August 14, 2024
Core Scientific, Inc., a leading provider of digital infrastructure for bitcoin mining and high-performance computing, has announced the pricing of its $400 million offering of 3.00% convertible senior notes due 2029. This private offering, made to qualified institutional buyers under Rule 144A of the Securities Act of 1933, was increased from the initially planned $350 million. The issuance and sale of the notes are expected to close on August 19, 2024, pending customary closing conditions. Additionally, Core Scientific has given the initial purchasers an option to buy up to an additional $60 million in notes within 13 days of the initial issuance.
These senior, unsecured notes will accrue interest at 3.00% per annum, payable semi-annually starting March 1, 2025, and will mature on September 1, 2029, unless repurchased, redeemed, or converted earlier. Noteholders can convert their notes under certain conditions before June 1, 2029, and at any time after that until the maturity date. Core Scientific will settle conversions in cash, shares of its common stock, or a combination of both, at its discretion. The initial conversion rate is 90.9256 shares per $1,000 principal amount of notes, equating to an initial conversion price of approximately $11.00 per share, a 30.0% premium over the last reported sale price of $8.46 per share on August 13, 2024. The conversion rate and price are subject to adjustment based on certain events.

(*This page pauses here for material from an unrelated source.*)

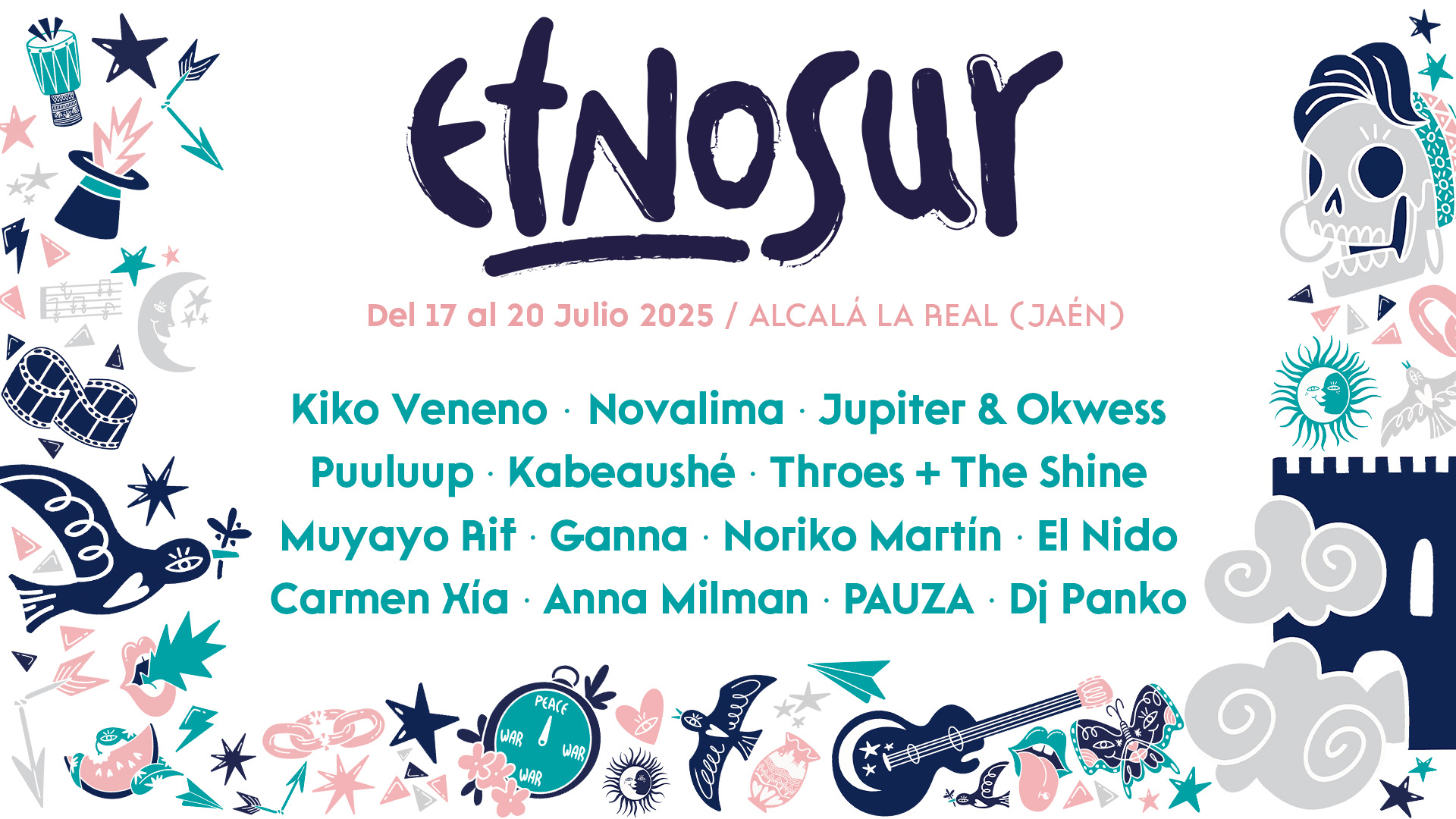 Del 17 al 20 de julio, Alcalá la Real volverá a ser ese crisol de culturas con la 28ª edición de Etnosur. Un cartel con Kiko Veneno, el nido, Jupiter & Okwess, Kabeaushé, Ganna y Noriko Martín, entre otros, va dando forma a un festival que este año pone el foco en los conflictos internacionales.

The notes can be redeemed, either partially or fully, for cash at Core Scientific’s discretion starting from September 7, 2027, until the 20th trading day before the maturity date. This is contingent on the last reported sale price of Core Scientific’s common stock exceeding 130% of the conversion price for a specified period and meeting certain conditions. The redemption price will include the principal amount of the notes plus any accrued and unpaid interest up to, but not including, the redemption date.

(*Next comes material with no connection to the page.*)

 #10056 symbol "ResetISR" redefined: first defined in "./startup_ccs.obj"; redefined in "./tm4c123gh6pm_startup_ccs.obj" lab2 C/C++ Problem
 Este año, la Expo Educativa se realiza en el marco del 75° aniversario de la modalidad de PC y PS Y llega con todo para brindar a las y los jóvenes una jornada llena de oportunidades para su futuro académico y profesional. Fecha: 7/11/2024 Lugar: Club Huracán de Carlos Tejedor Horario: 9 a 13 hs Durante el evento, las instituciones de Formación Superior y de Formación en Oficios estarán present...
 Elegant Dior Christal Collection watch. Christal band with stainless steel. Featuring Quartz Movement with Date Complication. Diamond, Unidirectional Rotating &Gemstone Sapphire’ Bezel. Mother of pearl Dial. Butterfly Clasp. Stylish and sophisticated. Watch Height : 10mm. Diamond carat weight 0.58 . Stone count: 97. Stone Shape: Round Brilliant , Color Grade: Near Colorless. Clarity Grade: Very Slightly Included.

In the event of a “fundamental change” as defined in the notes’ indenture, noteholders can require Core Scientific to repurchase their notes for cash. The repurchase price will be the principal amount plus any accrued and unpaid interest up to, but not including, the repurchase date.
Core Scientific expects net proceeds from the offering to be around $386.6 million, or approximately $445.0 million if the initial purchasers fully exercise their option to buy additional notes. After deducting discounts, commissions, and estimated offering expenses, Core Scientific plans to use about $61.2 million to fully repay outstanding loans under its credit and guaranty agreement from January 23, 2024, and approximately $150.0 million to redeem all outstanding senior secured notes due 2028, excluding accrued but unpaid interest. The remaining proceeds will be used for general corporate purposes, including working capital, operating expenses, capital expenditures, acquisitions of complementary businesses, or other securities repurchases.
About Core Scientific
Core Scientific is a leading company in the field of bitcoin mining and digital infrastructure. Founded in 2017, the company has rapidly scaled its operations to become one of the largest bitcoin miners in North America. Core Scientific specializes in developing and managing high-performance computing infrastructure, which is essential for bitcoin mining and other digital innovations. They operate multiple data centers across the United States, including locations in Texas, Georgia, North Carolina, Kentucky, and North Dakota. Their mission is to accelerate digital innovation by providing scalable, efficient, and responsible infrastructure solutions. Core Scientific's expertise in data center design, technology development, and power management allows them to transform energy into high-value compute with superior efficiency.